Are we in a fourth great awakening? That's a matter of interpretation.

Some contend that we are. Of course to make that argument, those who do, describe it as an awakening beyond belief. It's all about Christianity after religion:

  • Spiritual awareness without an evangelical or evangelistic dimension
  • A much bigger movement without theological content (the code-word used here is "dogmatism")
  • A movement that is experiential, practice-centered, interfaith, and interreligious

How is this trend different from the rest of American history—before and after the high-tide denominationalism of the '50s and '60s? I'm at a loss to say.

It is certainly a phenomenon that is fueled by online interaction and a technological interface that makes it "feel" more like one giant conversation. And, to be sure, the infrastructure of that conversation itself involves more people than earlier awakenings.

But in a number of other ways—which some of its advocates admit—this is hardly the same kind of awakening as we have had in the past. It is not just lacking an evangelical or evangelistic focus. It also lacks a single, communal focus of any kind. It is broad-based, but it is not (per capita) on the scale of past awakenings. And it eschews theology in favor of experience.

Fair enough. To a point, this is good news. Don't despair. People are on the move spiritually. They are exploring. They are engaged. Drop the gloom and doom. Grieve the '60s and get on with it already.

But it is also fair to infer that that the contemporary phenomenon is nothing more than the same divergent, spiritual exploration that has always been the American norm—this time on electronic steroids. And minimization of a theological focus in favor of an experiential focus may describe the way things are unfolding, but that's hardly good news. To say anything about our spiritual experience is to say something theological and the fact that those experiences are private, individualistic, and eclectic simply underlines the problem.

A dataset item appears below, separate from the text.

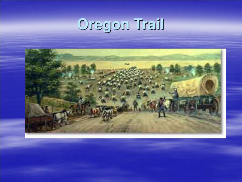 Wagons, ho! • Group of trails west from the Missouri River to the Columbia River area (all of which was known as Oregon) • “Jumping off” places where in Independence and Westport, MO • People traveled in wagons, usually pulled by oxen • People traveled on trail from 1859-1869 • About 2,000 miles long-took 4-6 months • Steam locomotive ended need for trails

In that regard, those who now want to call this a fourth great awakening are simply repackaging what Elizabeth Lesser described some time ago as the "new" American spirituality—the invitation, as Lesser describes it, "to string a necklace all your own"—a world in which you are your own best spiritual authority. It is, nonetheless, a world in which there are theological assumptions at work. They are simply unacknowledged.

When we realize that is what is in the offing, it also becomes clear that the fourth American spiritual awakening (if that is what it is) is different from the first three in another way. It is no longer an awakening to something outside of ourselves. It is an awakening to ourselves—to our own choices—to our own freedom—to the God of our own making—the Tower of Babel—with Wifi. What a let down.

So, what do we do? Circle the wagons? Call in the casuists? Lay down the law? No, that's what made the Tower so attractive to begin with.

What we can do, however, is be passionate about introducing others to the Christ—to a relationship—to a living journey—a journey that begins now and continues into the future. But to do that, you do need to name God and find people to help you on the way.

The Christian pilgrimage is about a love affair. And if you say to your lover, "I really love you. I want to be with you. I would sacrifice my life for you. But I'm not really sure about you and I only, kind of, sort of, want to love you with a respectable measure of intellectual reserve . . ." Well, what do you think are the odds that torrid love affair will get off the ground?

Pitting fundamentalism against an experiential journey into God presents us with a false dichotomy. There is no awakening beyond belief; and there is no belief worth subscribing to that is not attended by an awakening.